Цыганочка, ваш выход! | Страница: 10

  • Georgia
  • Verdana
  • Tahoma
  • Symbol
  • Arial
16
px

Новый удар потряс небо; испуганно заржали лошади. Дымные, рваные края туч вдруг разошлись над степью, из разрыва столбом упал лунный свет, окатив неверной дымкой похитителя. А тот стоял неподвижно, широко расставив ноги и слегка наклонившись вперёд. Серебристый свет лежал на его спокойном, некрасивом лице, заросшем многодневной тёмной щетиной. Ни страха, ни замешательства не мелькало в глазах. Голубая искра блестела на стволе «нагана», направленного на цыган.

– Дэвла… – коротко, испуганно вскрикнул один из молодых. Другой, вполголоса чертыхнувшись, попятился.

– Эй, ты… Беркуло… Совсем рехнулся? Что делаешь-то?!

– А я пока ничего не делаю, – довольно добродушно ответил тот. – Вот ещё раз ко мне шагнёшь – тогда, может, и сделаю.

– Да ты не дури! Убери пистоль, что ты как гаджо? Сам виноват, да ещё железкой машет!

– Виноват был бы, если б силой Симку взял. А она со мной сама пошла. – «Наган» в руке Беркуло не опускался. – Женой мне будет. А вы не мешайте. Ступайте, парни. И в таборе скажете, что не догнали.

По кучке цыган пробежал негодующий ропот.
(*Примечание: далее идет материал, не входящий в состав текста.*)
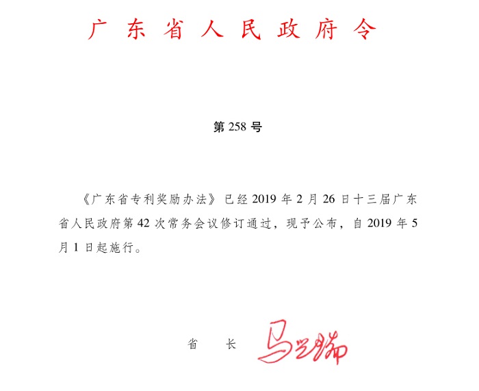 第二十五條 本辦法自2019年5月1日起施行。廣東省人民政府2014年8月27日公布的《廣東省專利獎(jiǎng)勵(lì)辦法》(廣東省人民政府令第202號(hào))同時(shí)廢止。

Луна скрылась за тучу, и теперь в кромешной темноте слышалось лишь напряжённое дыхание людей и фырканье лошадей.

– Да он, поди, стращает, там и пули-то нет! – Мальчишка лет шестнадцати решительно шагнул было к беглецам. Беркуло не тронулся с места, лишь угрожающе поднял «наган», и молодой цыган, обернувшись на друзей, остановился на полушаге.

– Вы, щявале, человеческий язык понимаете? – негромко спросил Беркуло. – Пистоль мой заряженный! Шестерых не глядя уложу даже впотьмах! Отстаньте по-хорошему, не хочу будущую родню убивать! Симке грех на душу без нужды не вешайте!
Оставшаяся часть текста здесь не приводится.